I purchased a basketball net to add to their collection of outdoor toys as soon as the pandemic started. They also like to play street hockey, ride their bikes, jump on their pogo stick, and shoot their homemade bows and arrows. This is all free play. I don't get involved. I stay inside and write frantically for every minute of peace I get.
The schedule is roughly the same each day: read non-fiction, practice times tables, do some spelling words, write a journal entry or letter, study the world map and memorize a few countries and capital cities, practice your instrument, read your novel. But it can change based on the mood. If the kids are feeling restless and rowdy, I send them outside for more time. If they're fighting a lot, I tighten up the school schedule, move them into separate rooms, and give them checklists and time limits for what needs to be done by, say, lunchtime. If they're engrossed in a game (or mourning the loss of a beloved hamster, as happened last week), all schoolwork goes out the window.

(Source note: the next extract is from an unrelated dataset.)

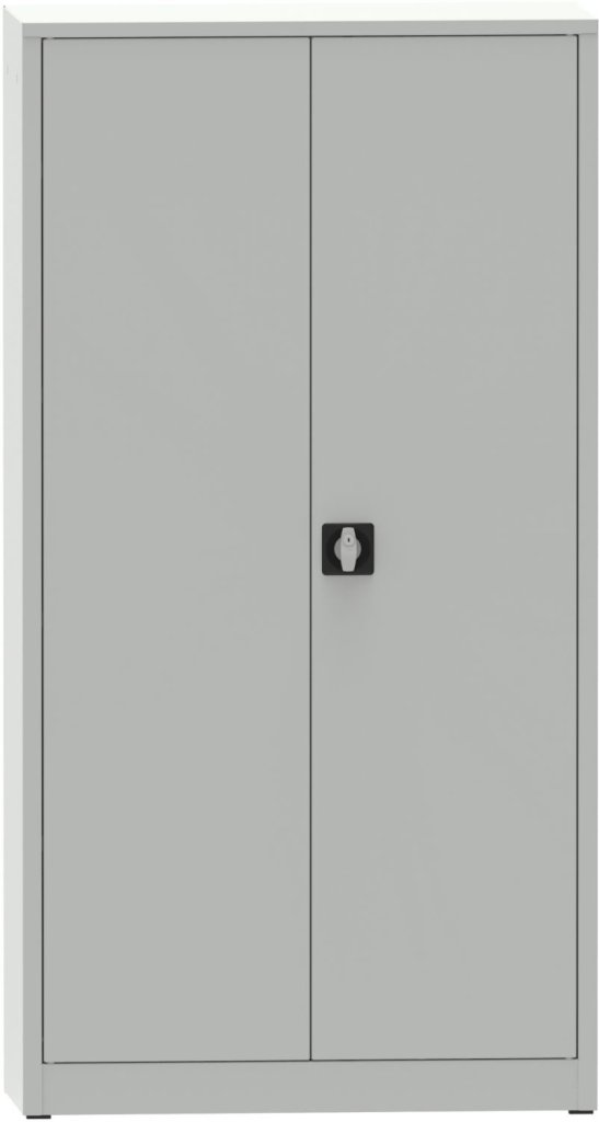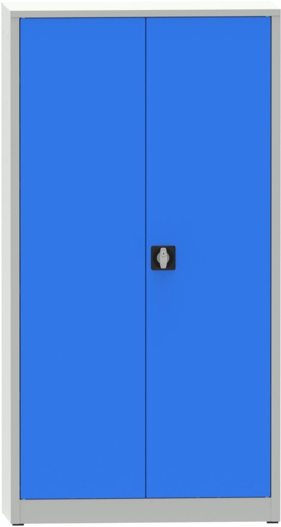 Two-door metal welded cabinet, width 950, height 1800, depth 400 mm, 4 adjustable shelves. Body color RAL 7035 light gray, doors RAL 7035 light gray and RAL 5012 blue.

Screen time only happens after school work is finished (reading + music, at minimum), and it's only at the end of the day when I'm done work and need a little break. I use that time to work out in my garage or to prepare dinner.
Every family will have a different approach, no doubt, and what works for some may not work for another. But it can be helpful to know how others are approaching a tough time. To sum up, I'd say that if your kid is reading a lot and running around outside, you're on a good track.